Table 2 (1- x )Ba _0.2 Sr _0.8 TiO ₃ - Raw material ratio of x MgO composite powder (unit: mol).

The above-mentioned embodiments only illustrate the principles and effects of the present invention, but are not intended to limit the present invention.

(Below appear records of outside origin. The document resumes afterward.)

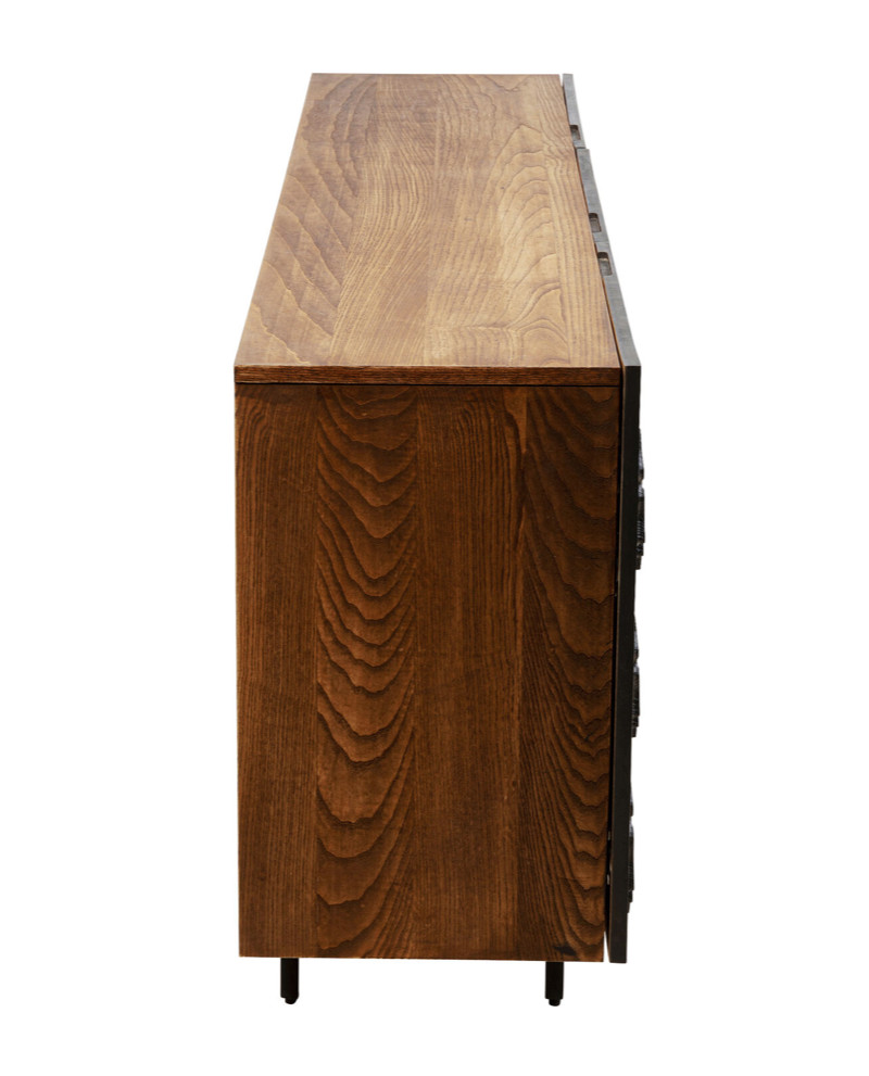 Buffet en bois massif noir et marron, 75 x 160 x 38 centimètres (h/l/p)
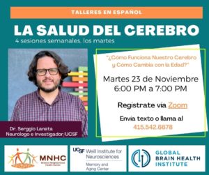 In collaboration with UCSF’s Memory and Aging Center, Mission Neighborhood Health Center is presenting a 4-week workshop series about the brain and our health, with Dr. Serggio Lanata. It is the first time that this important health topic is presented in Spanish. Dr. Lanata is a leading neurologist and researcher currently conducting important studies on the subject.
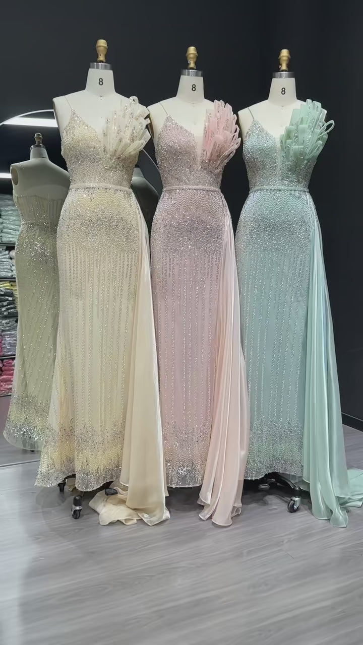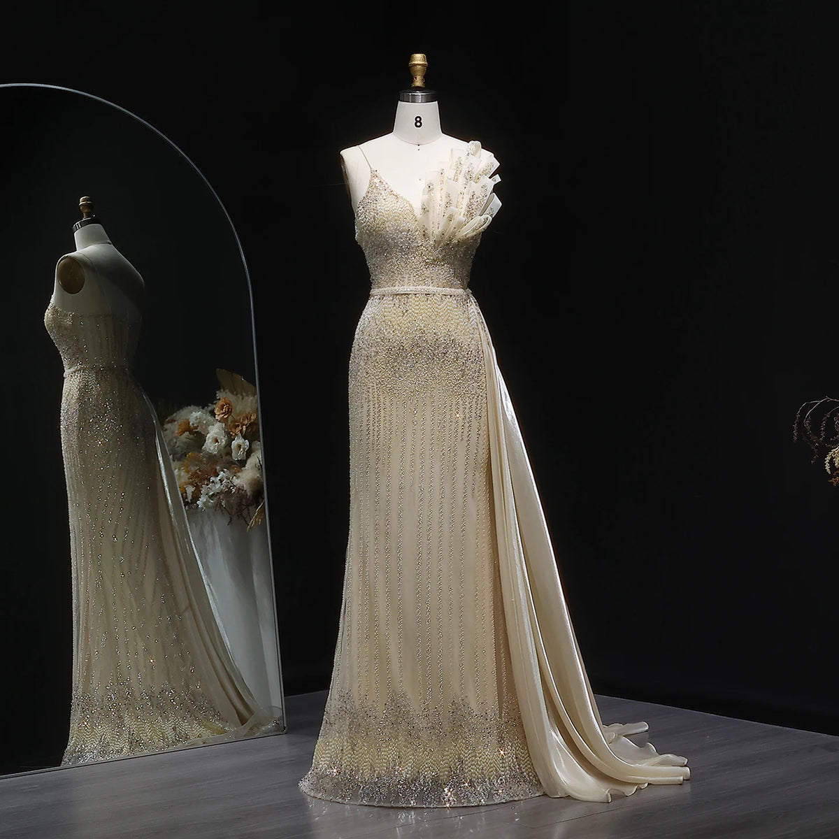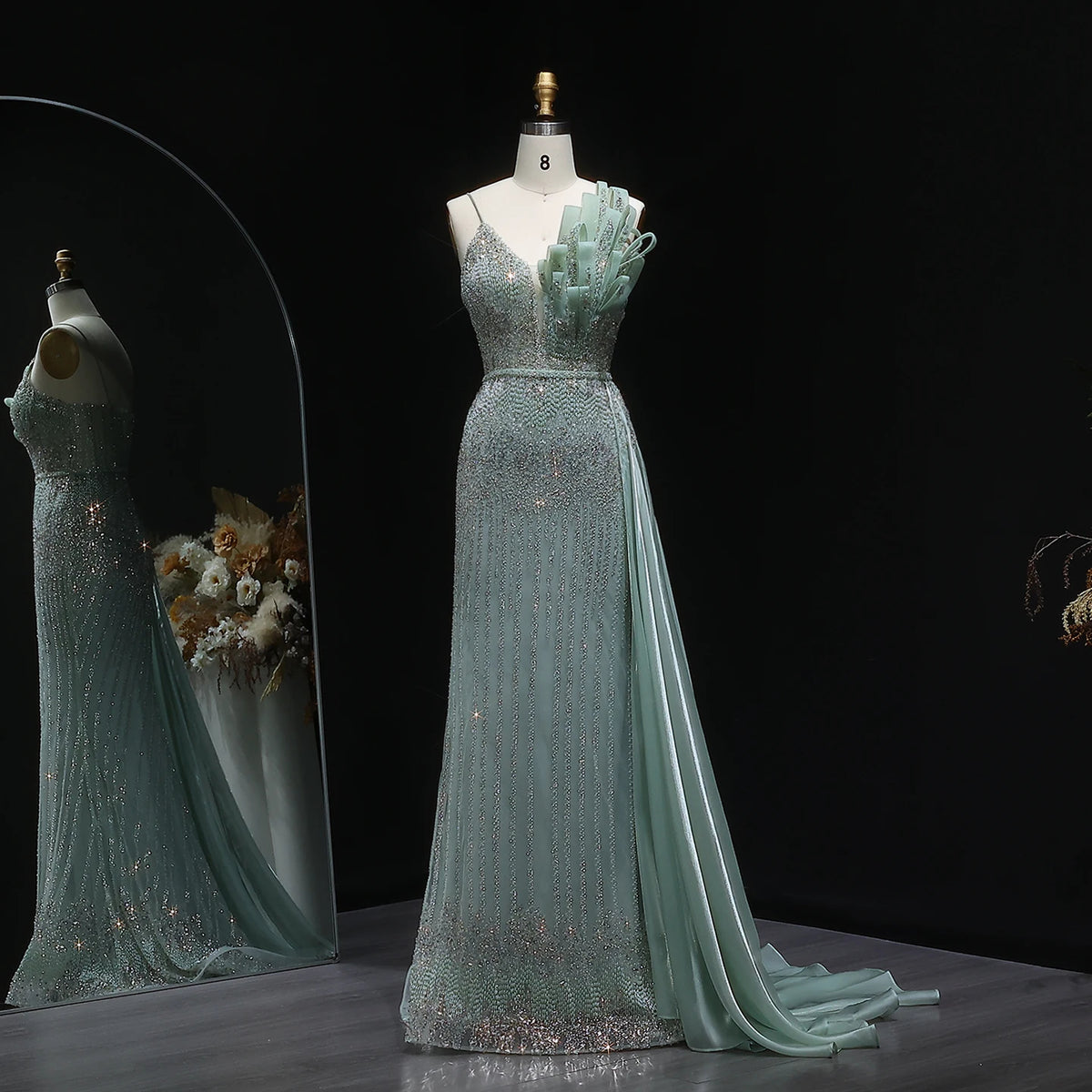 This Luxury Mermaid Evening Dress blends classic elegance with modern drama. Detailed with exquisite beadwork, the fitted silhouette accentuates your curves while the dramatic overskirt adds volume and movement for a captivating presence. Perfect for upscale occasions, this dress offers both refined craftsmanship and a statement-making design.
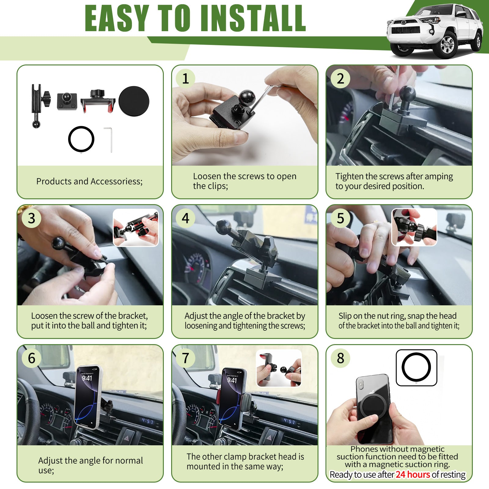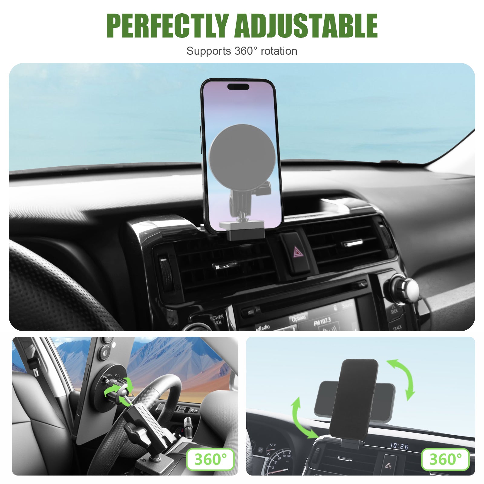 Metal Magnetic Phone Mount Holder for 2010-2024 Toyota 4Runner Strong Magnet Dash Cell Phone Cradles Adjustable Phone Stand Accessories for MagSafe All Smartphone
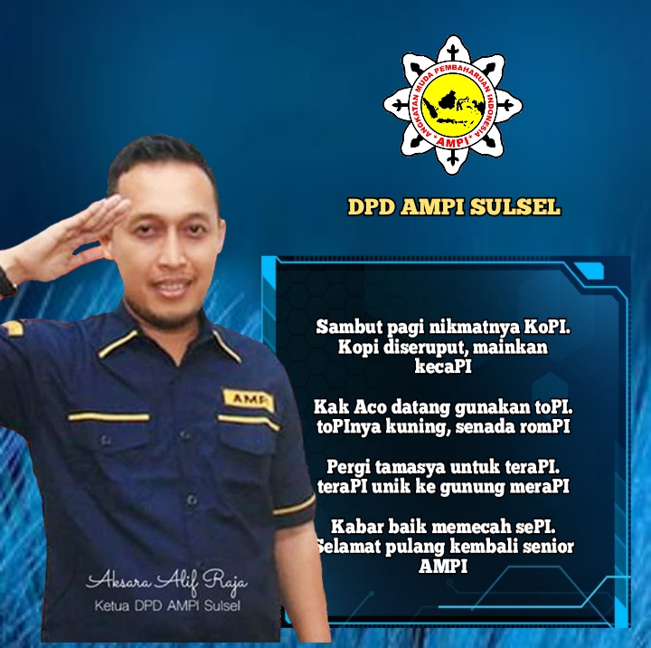 “Sambut pagi nikmatnya kopi, kopi diseruput mainkan kecapi. Kak Aco datang gunakan topi, topinya kuning senada rompi. Pergi tamasya untuk terapi, terapi unik ke gunung merapi. Kabar baik memecah sepi, selamat pulang kembali senior AMPI,” tulis Alif selaku ketua DPD AMPI Sulsel itu kepada awak media, Sabtu (28/5/2022).
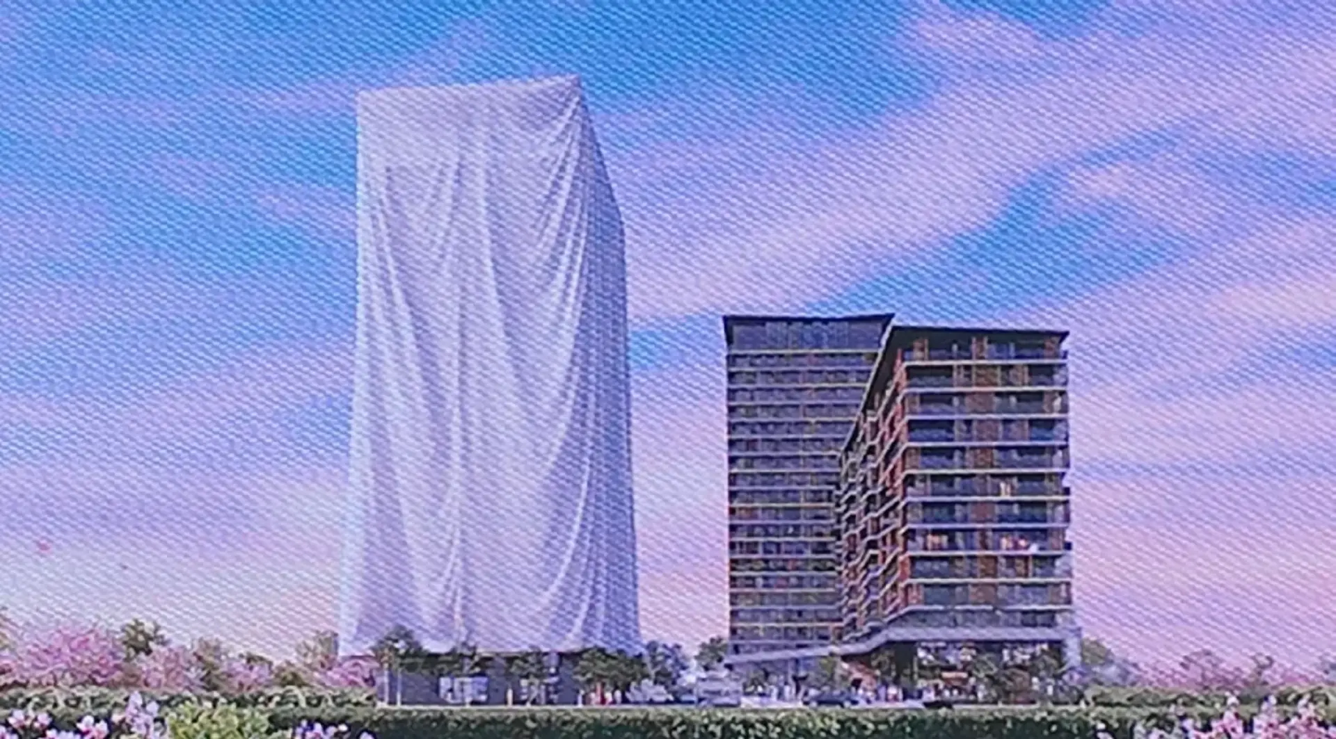 Na ilustraciji postavljenoj na kompleks u izgradnji vidi se postojeći objekat, ali i još jedna zgrada – skrivena ispod platna.
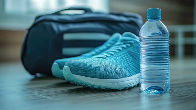 Sporty items including football sneakers, a water bottle, and a running bag are arranged on a table against a light background
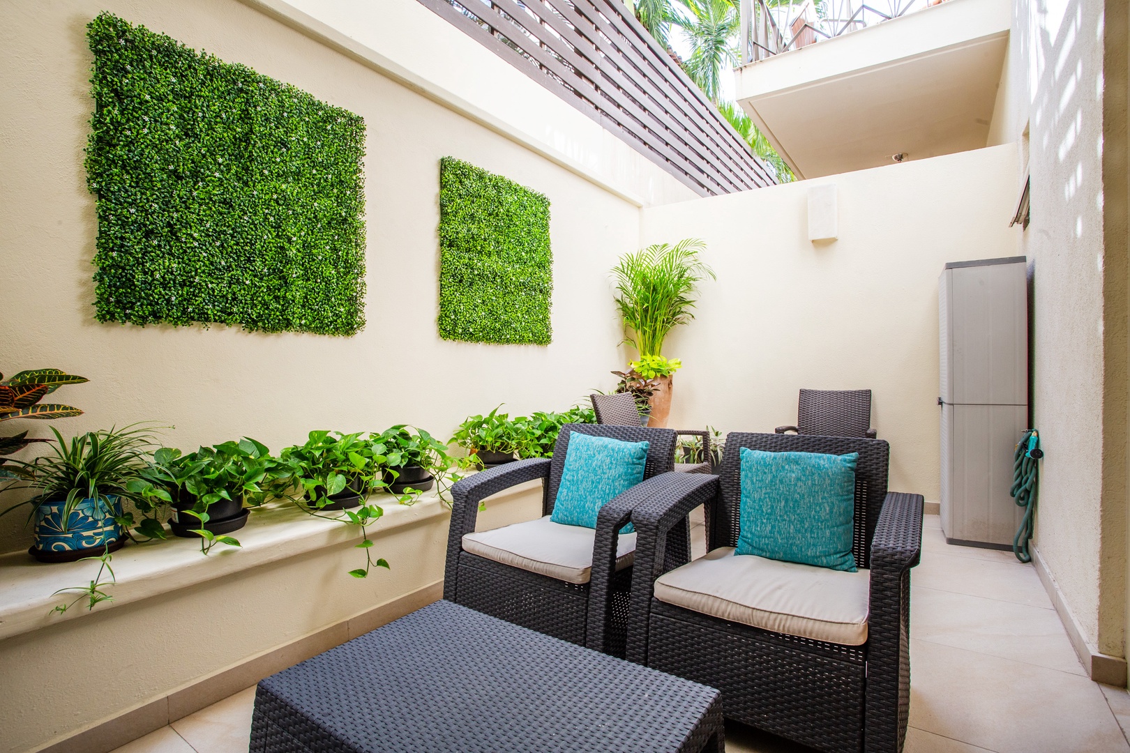 There are plants on the property, and to keep everything looking great, our friendly gardener visits every Tuesdays for about 20 minutes, anytime between 9 a.m. and 1 p.m., to tend to them.
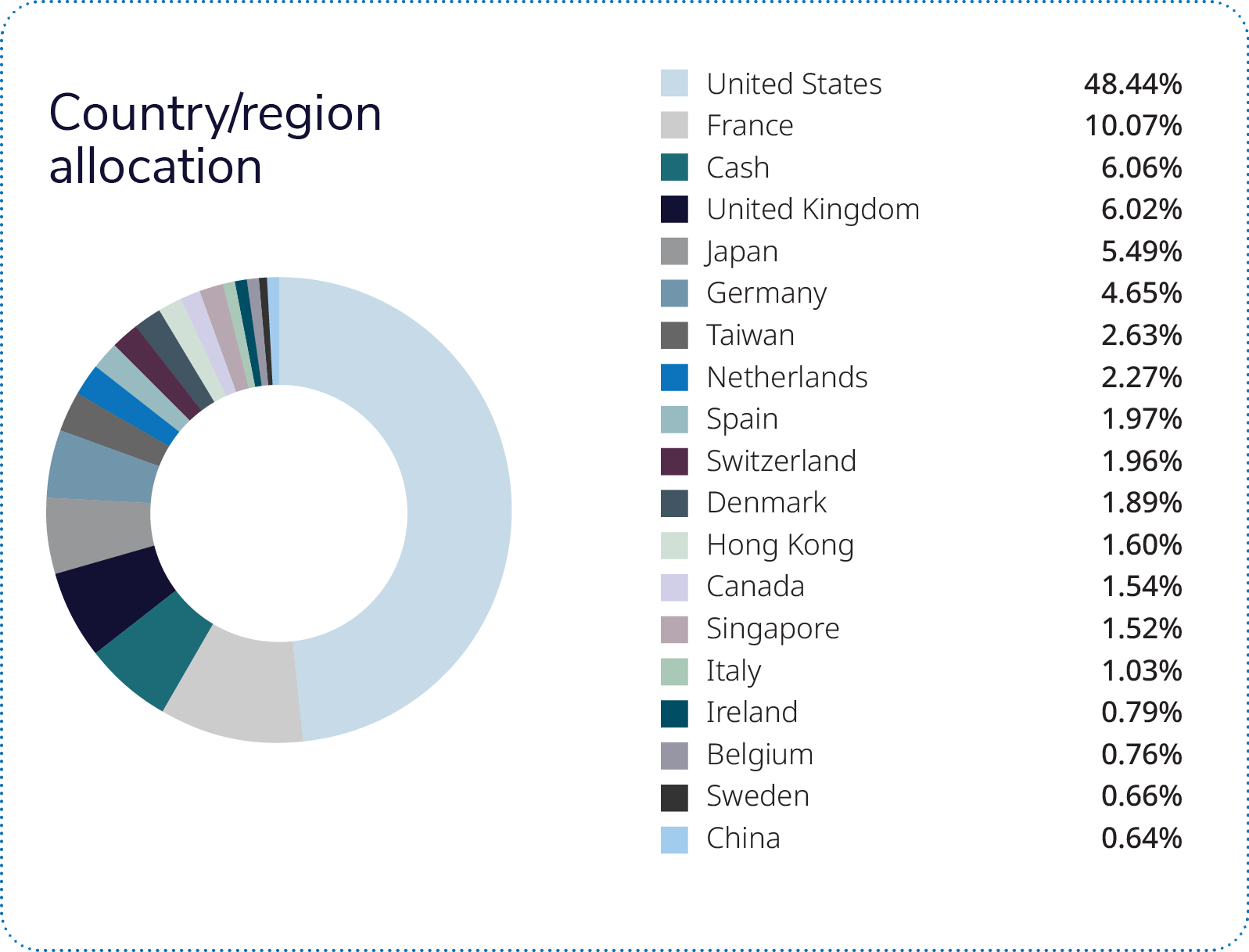 Technology represents the largest absolute portion of the portfolio but still has less allocation to the sector compared with the benchmark. Semiconductors and semiconductor‑equipment companies form the core of this exposure, with major holdings including Broadcom, TSMC, ASML, Microsoft, Apple and Fujitsu. Throughout the year and into the fourth quarter, managers continued to focus on leading global chip manufacturers and select software names aligned with long‑term AI and digital‑transformation trends.
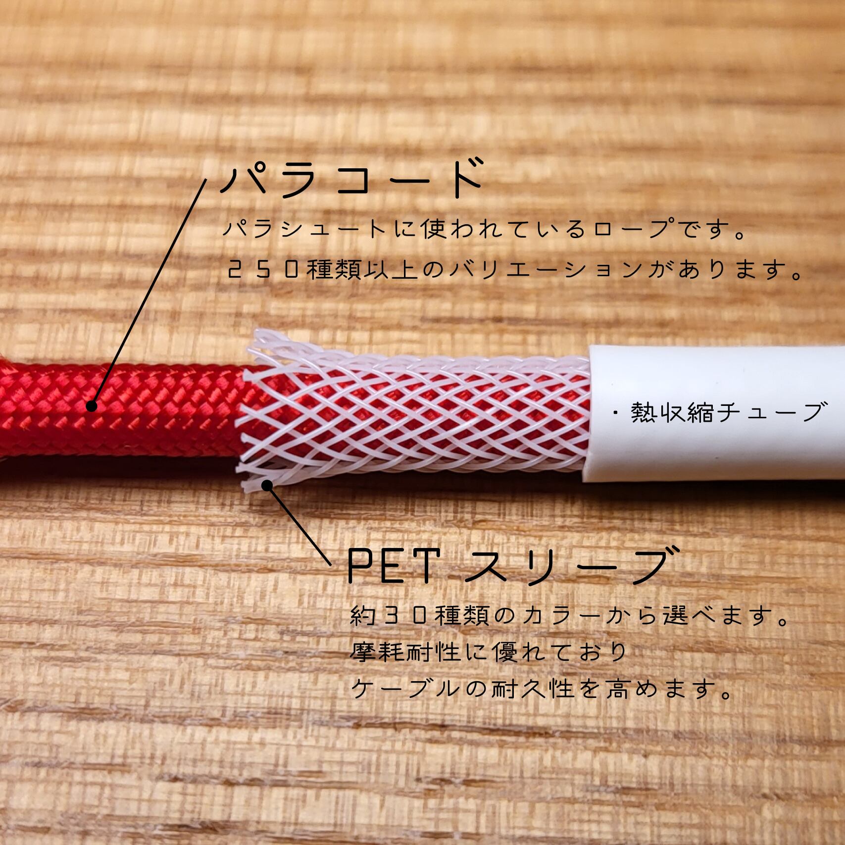 パラコード、PETスリーブ、熱収縮チューブを好きなカラーで構成しコネクターを選んで注文して下さい。

Within the spirit of the present invention and the protection scope of the claims, all equivalent modifications or changes made without departing from the spirit and technical ideas disclosed in the present invention fall within the protection scope of the present invention.

Claims (5)

1. Co-precipitation in-situ preparation of nanometer (1- x ) Ba _{1- n} Sr _n TiO ₃ - x MgO composite powder method, 0< n <1, 0< x <1, the preparation process is as follows: According to the molar ratio of Ba, Sr, and Mg in the chemical formula, dissolve the nitrate raw materials of Ba, Sr, and Mg in deionized water, and the ratio of the nitrate raw materials of Ba, Sr, and Mg to the deionized water is mol/L =1:0.5-5, prepare A solution; Dissolving oxalic acid in ethanol solution, the ratio of oxalic acid and ethanol solution is mol/L=1:1-5, preparing oxalic acid-ethanol solution; Dissolve butyl titanate in the oxalic acid-ethanol solution prepared in step (2), the molar ratio of butyl titanate to oxalic acid is 1:2, and prepare solution B; Mix the A solution prepared in step (1) with the B solution prepared in step (3), stir evenly, and then slowly add ammonia water to adjust its pH=2~10 to obtain (1- x )Ba _{1- n} Sr _n TiO ₃ - x MgO precursor solution, 0< n <1, 0< x <1; The precursor prepared in step (4) was subjected to co-precipitation reaction for 48 hours, then repeatedly washed by suction filtration, distilled water and ethanol solution, and evaporated to dryness at a temperature of 70-150 ^o C in an oven; The precipitate evaporated to dryness in step (5) was heat-treated at 400-900 ^o C for 2-8 h to obtain (1- x )Ba _{1- n} Sr _n TiO ₃ - x MgO powder. 2. The method for preparing nanometer (1- x ) Ba _{1- n} Sr _n TiO ₃ - x MgO composite powder in situ by co-precipitation as claimed in claim 1, characterized in that: in step (1), Ba, Sr , Mg nitrate raw material and the ratio of solid to deionized water is mol/L=1:0.5-2. 3. The method for preparing nanometer (1- x ) Ba _{1- n} Sr _n TiO ₃ - x MgO composite powder in situ by co-precipitation as claimed in claim 1, characterized in that: in step (2), oxalic acid and ethanol solution The ratio is mol/L=1:1-2. 4. The method for in-situ preparation of nanometer (1- x ) Ba _{1- n} Sr _n TiO ₃ - x MgO composite powder by co-precipitation as claimed in claim 1, characterized in that the pH of ammonia water in step (4) is preferably for 2. 5. The method for in-situ preparation of nanometer (1- x ) Ba _{1- n} Sr _n TiO ₃ - x MgO composite powder by co-precipitation as claimed in claim 1, characterized in that: the heat treatment temperature in step (6) is preferably 900 ^o C.